The response of the trade unions to the current situation, as exemplified by the California Teachers Association (CTA), has been pitiful. They have urged parents, teachers and staff to call and e-mail their representatives in the state legislature to express their opposition to the cuts. However, even a veritable avalanche of e-mails and phone calls will not convince any Democrat or Republican legislator that the budget cuts should be rescinded. In fact, this perspective was lent a rather farcical character by Democratic Lieutenant Governor Jim Garamendi, who recently urged parents, students and teachers to continue protesting the cuts and making appeals to state politicians—presumably including himself—to fix the budget crisis.
In addition, the CTA has told its membership that it will fight to keep the cuts away from teachers. In other words, their strategy is to try to shift the burden onto school support staffs, as if this would not have a dramatic impact on teaching conditions in the public educational system and these employees.
Furthermore, public statements made by the CTA leadership make no mention of the impact of the proposed budget cuts on other sectors of the economy, except to imply that only education funding is of any concern out of the dozens of programs slated for the chopping block.
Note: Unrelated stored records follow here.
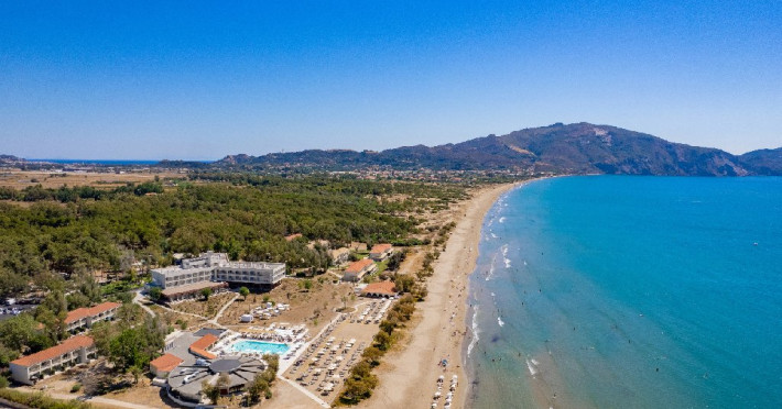 Descriere: Asezat pe un teren protejat de natura, pregatiti-va sa fiti martor la frumusetea profunda. Intindeti-va in iarba de sub padurea de pini care da culoarea vie turcoazului ionic. Faceti scufundari in ape cristaline si experimentati intalniri cu viata marine. Cu sate vibrante din apropiere suficient de aproape pentru a ajunge pe jos si suficient de departe pentru a permite o relaxare linistita, aceasta fasie magica de plaja este, desigur, locatia principala a orasului Zante.Localizare: Situat la doar 5 km de Aeroportul Zakynthos, amplasat intr-un sanctuar de broaste testoase protejat de natura, statiunea iese dintr-o padure de pini cu nisip alb. O lume departe de toate, pe aceste terenuri pastrate in mod natural, interferenta cu natura este redusa la minimum, linistea este indigena si face loc doar ciripitului de vara al pasarilor cantatoare locale.
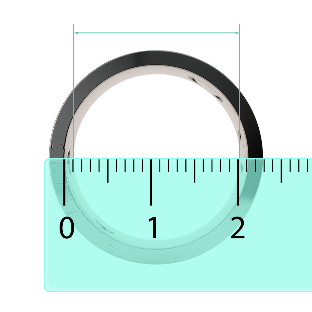Vzemite prstan, ki vam udobno ustreza, in izmerite njegov notranji premer z ravnilom ali merilnim lističem. Primerjajte izmero z našo tabelo velikosti in poiščite svojo popolno REVIVUS velikost.
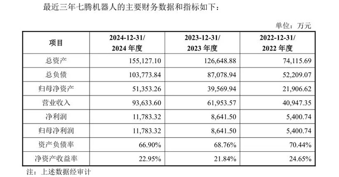 财务数据显示,2022年-2024年,七腾机器人公司的营业收入分别为4.09亿元、6.20亿元、9.36亿元,净利润分别为5400.74万元、8641.5万元、1.18亿元。截至2024年12月31日末,七腾机器人公司的资产总额为15.51亿元,负债总额为10.38亿元,净资产为5.14亿元。
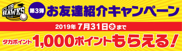本日より、公式ファンクラブ クラブホークスのお友達紹介キャンペーン第3弾を開始します。
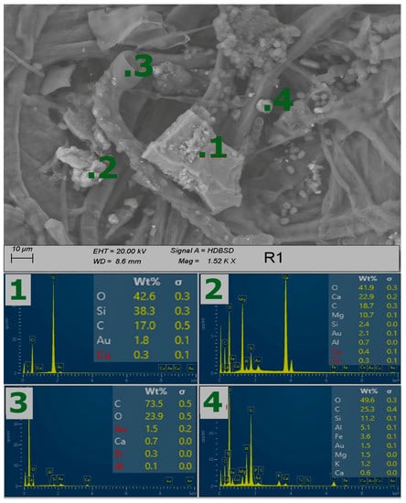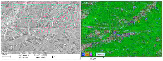 To assess the quantity of inorganic particles in the material under investigation, a semi-quantitative analysis was utilised. An EDX detector and 20 kV EHT (Electron High Tension) were utilised to examine five random regions at 300× magnification for each sample. The total number of silicon, aluminium, and calcium was counted, which served as markers for the inorganic PM content based on a previously developed concept [30]. Figure 2 presents an example of the analysed area using a BSE detector and EDX mapping, which shows the concentration of PM particles and indicates their origin based on the composition of elements.
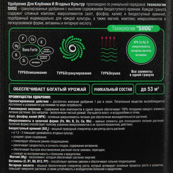 Обогащено биодоступным КРЕМНИЕМ: N:P:K + Si + Mg + Са + TE + V+SA (азот, фосфор, калий+ биодоступный кремний + магний, + кальций + микроэлементы + витамины+янтарная кислота).
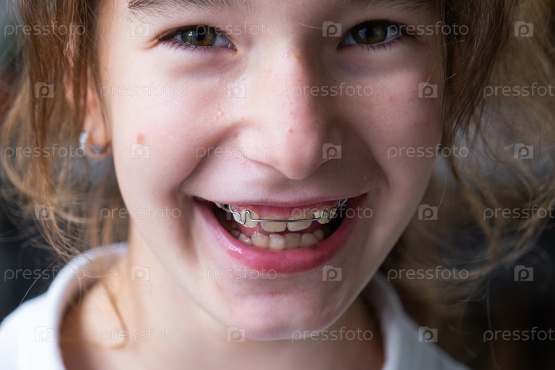 Улыбающийся ребенок после использования ортодонтического аппарата, исправленные зубы и здоровая внешность, успех педиатрической пластины
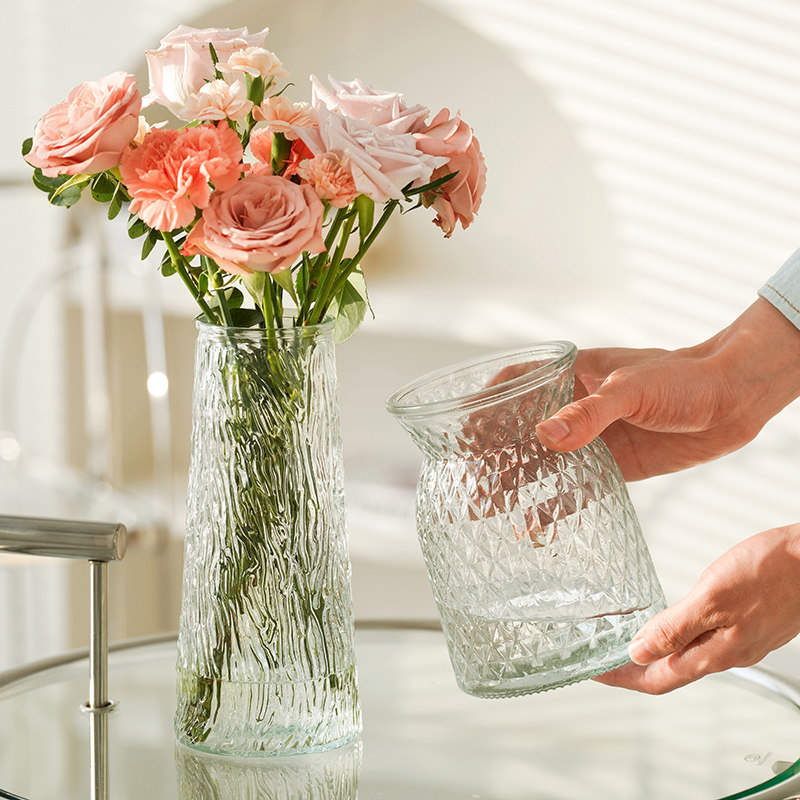 欧式玻璃花瓶ins风创意插花水养干花鲜花大口径透明花瓶客厅摆件
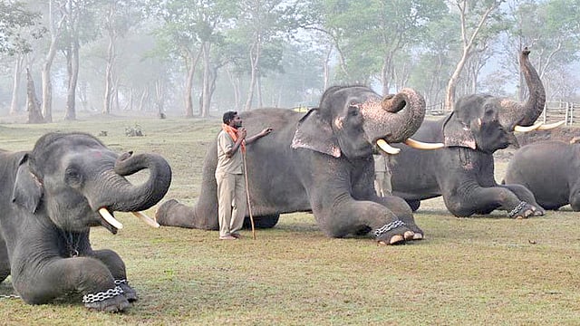 பிரம்மபுத்ராவின் வெள்ளப் பெருக்கு சமவெளிக்குள் அமைந்துள்ளது. குறிப்பிட்ட பருவங்களில் உயரமான இடத்திலிருந்து யானைகள் இடம் பெயர்ந்து வரும். இவை சுற்றுலாப் பயணிகளுக்கு கண்கொள்ளாக் காட்சியாக இருக்கும். இங்கு 1,920 யானைகளுக்கும் மேல் உள்ளன. ஒற்றைக்கொம்பு காண்டாமிருகங்களுக்கும் பிரபலம். புலிகள், நீர் எருமைகளும் அதிகம்.

A recent resolution states that the “CTA calls on the governor and the Legislature to put our students first” and “reject across-the-board cuts that would damage our public schools.”
The CTA, in collusion with the Democrats, has proven itself incapable of leading the struggle for basic public services and democratic rights, such as access to a high-quality education, as its actions over the past few years amply demonstrate.
In 2004, the so-called “Education Coalition,” led by the CTA, agreed to a $2 billion reduction in Proposition 98 funding, the legal mandate that provides a minimum level of funding for K-12 schools and community colleges, in exchange for the governor’s promise that the money would be returned when the state next experienced a budget surplus. Not surprisingly, the money was never returned. Instead, the CTA mounted a campaign accusing Schwarzenegger of abandoning his promises on education, despite the fact that as part of the quid pro quo over Prop 98 funding they supported Proposition 57 (the Economic Recovery Bond Act) and 58 (the California Balanced Budget Act).
The missing $2 billion has never been mentioned during the course of the current crisis by either the CTA or any Democratic legislators.
All these experiences indicate the necessity of making a decisive break with the Democratic Party and its allies in the trade union bureaucracy, including the CTA. The current struggle must be conducted in solidarity with all members of the working class, but particularly with those directly affected by the budget cuts, including administrators, custodians, health care professionals, the more than 7,000 state employees who will soon lose their jobs, and the hundreds of thousands of Californians who depend on state-provided services simply to maintain a decent standard of living.
While the assault on education manifests itself in various ways across the country and around the world, each expression finds its objective roots in the systemic collapse of the world capitalist economic and social order. An independent mobilization of the working class, based on an internationalist socialist program, is required to defend public education and to fight for the reorganization of society to provide for the needs of the vast majority, not the profits of the few.